Everything from the line with "If I try to" to the last line of the listing must be retyped exactly, both ends included, with the pictures dropped.

Start of RECORDED INFORMATION

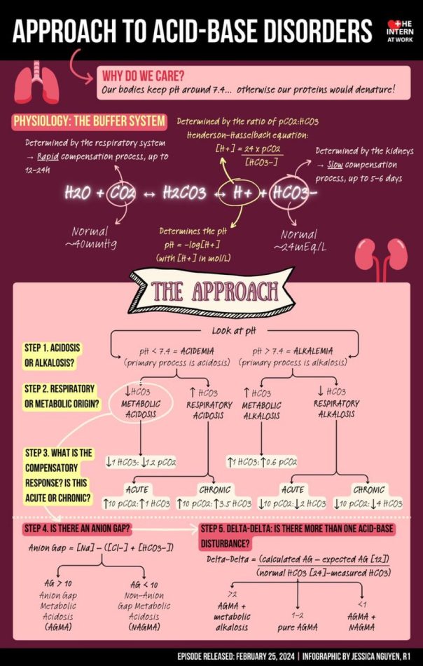 Maintaining acid-base balance is vital for cellular function. Our bodies tightly regulate blood pH around 7.4, since even slight deviations can alter enzyme activity and protein structure. Let’s break down how clinicians approach acid-base disorders in a systematic way. Source … Read More
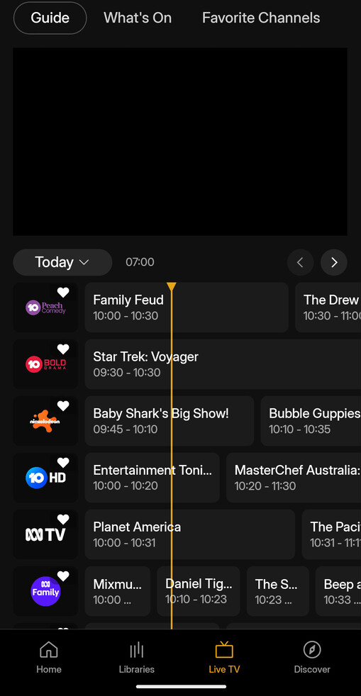 If I try to watch live tv early in the morning, I can’t because the guide is wrong. The programs listed as ‘now’ are actually the ones broadcast at 10AM.
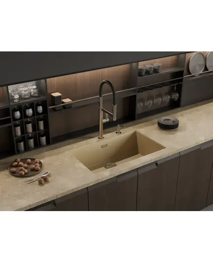 - Благодаря этому элементу мойка обретает устойчивость к воздействию различных кислот и щелочей, что гарантирует ее неизменный внешний вид.

End of RECORDED INFORMATION

TASK ANSWER:
 If I try to watch live tv early in the morning, I can’t because the guide is wrong. The programs listed as ‘now’ are actually the ones broadcast at 10AM.
 - Благодаря этому элементу мойка обретает устойчивость к воздействию различных кислот и щелочей, что гарантирует ее неизменный внешний вид.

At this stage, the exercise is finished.